MF: ​The Achilles heel of clinical trials has been access and awareness. The industry has been looking for ways to break through several barriers that have inhibited inclusivity. For example, sites may be more likely to contact their existing patient pool, which may not represent a diverse population. This also includes not adapting their recruitment process to suit diverse populations (e.g. involving families or community groups in the recruitment process).

However, technology is underpinning much of the change afoot. Processes like patient matching are enabled by advanced algorithms and data analytics based on medical records. There is also potential to use data from other sources such as electronic health records (EHRs), lab results, imaging, etc. to connect patients to trials. For example, based on a patient’s genetic sequencing and the type of cancer they have, we could identify a specific trial for the patient. With technology and the ability to use matching within the clinical workflow, we can connect patient care and trials seamlessly.

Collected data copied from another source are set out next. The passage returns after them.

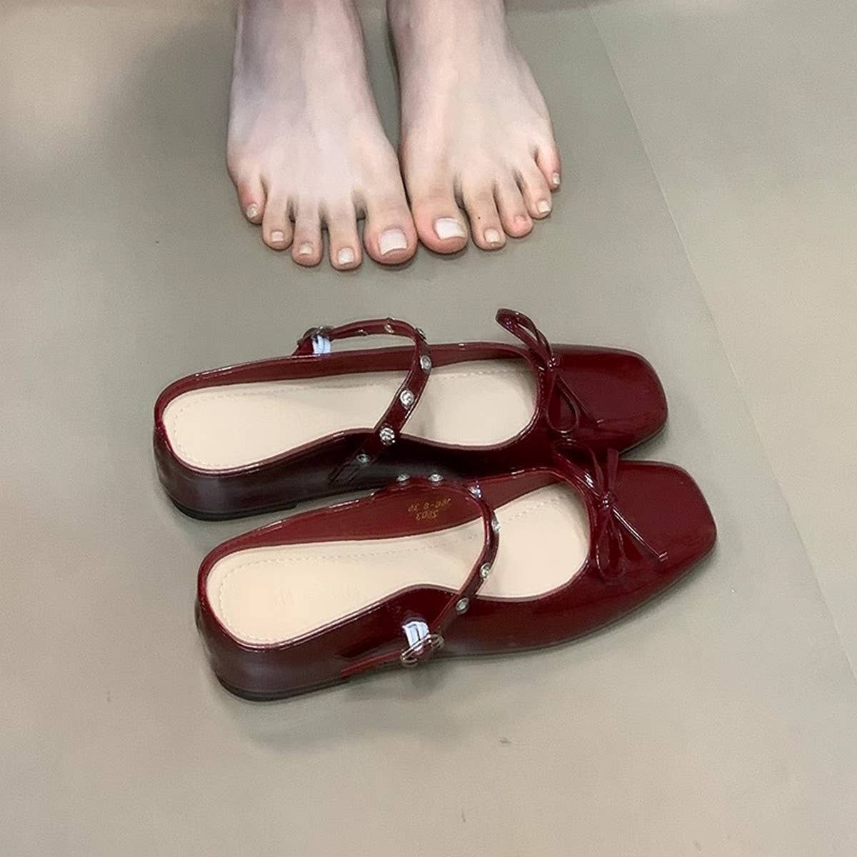 The Rhinestone Bow Wedge Mary Jane Mules adds a refined touch with its clean and modern silhouette.
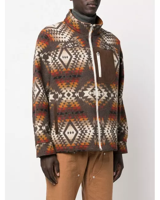 brown/multicolour wool-cotton blend abstract pattern print panelled design front zip fastening zip-fastening chest pocket long sleeves straight hem
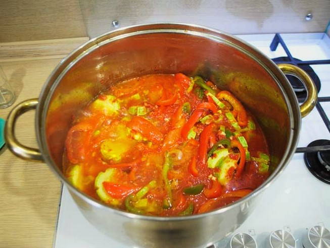 Lecho ab Beginn des Kochens bei schwacher Hitze und unter geschlossenem Deckel 20 Minuten köcheln lassen. Wenn das Gemüse grob gehackt ist, die Schmorzeit verlängern. Rühren Sie das Lecho während des Dünstens mit einem Holzlöffel um. Bestimmen Sie die Bereitschaft des Gerichts durch die Weichheit des Gemüses.
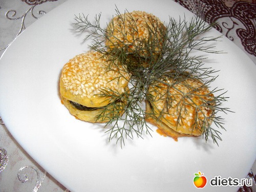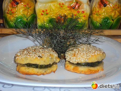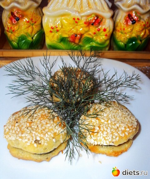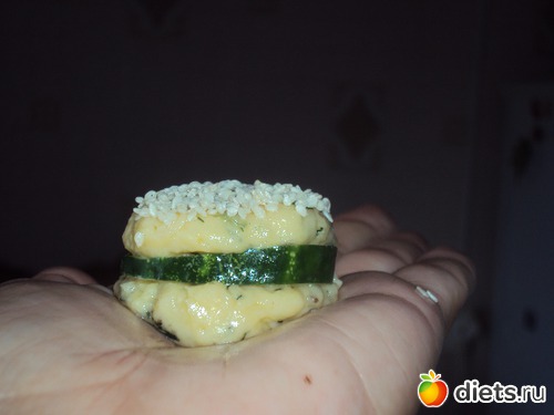 лепёшечкой, хорошо прижать и обмакнуть верхушку в кунжутные семена.

Automation can help streamline processes from patient recruitment and enrollment to monitoring and reporting, which makes it easier for patients to participate. Many of these tasks are done remotely, as we saw during the pandemic when telehealth and remote monitoring exploded. By putting the patient first and aligning decisions with their needs and preferences, we can lower the bar for patient participation.

OSP: What impact can patients play in clinical trial design, enrollment, retention, and trial data. Why is it so critical to engage them from the start?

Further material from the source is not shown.